_Task statement_
Give the listing again exactly, omitting its images.
*** Supplied information Section Begins ***
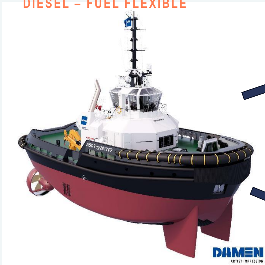
DIESEL – FUEL FLEXIBLE
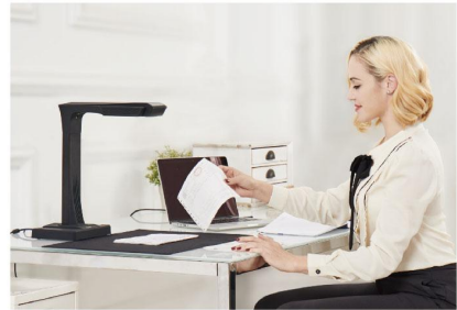
Accounting / Finance
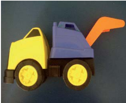
Toy 3: Car
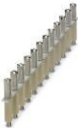
Fixed bridge, with knurled screws, pitch: 13 mm, number of positions: 12, color: silver

Please be informed that the data shown in this PDF Document is generated from our Online Catalog. Please find the complete data in the user's documentation. Our General Terms of Use for Downloads are valid ( http://phoenixcontact.com/download )
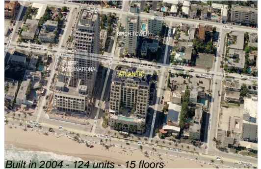
Built in 2004 - 124 units - 15 floors

The above valuated price is a baseline figure that does not take into account any specific renovation, upgrade, split, merge, or deterioration of the unit.
*** Supplied information Section Ends ***
_Task output_
DIESEL – FUEL FLEXIBLE
Accounting / Finance
Toy 3: Car
Fixed bridge, with knurled screws, pitch: 13 mm, number of positions: 12, color: silver

Please be informed that the data shown in this PDF Document is generated from our Online Catalog. Please find the complete data in the user's documentation. Our General Terms of Use for Downloads are valid ( http://phoenixcontact.com/download )
Built in 2004 - 124 units - 15 floors

The above valuated price is a baseline figure that does not take into account any specific renovation, upgrade, split, merge, or deterioration of the unit.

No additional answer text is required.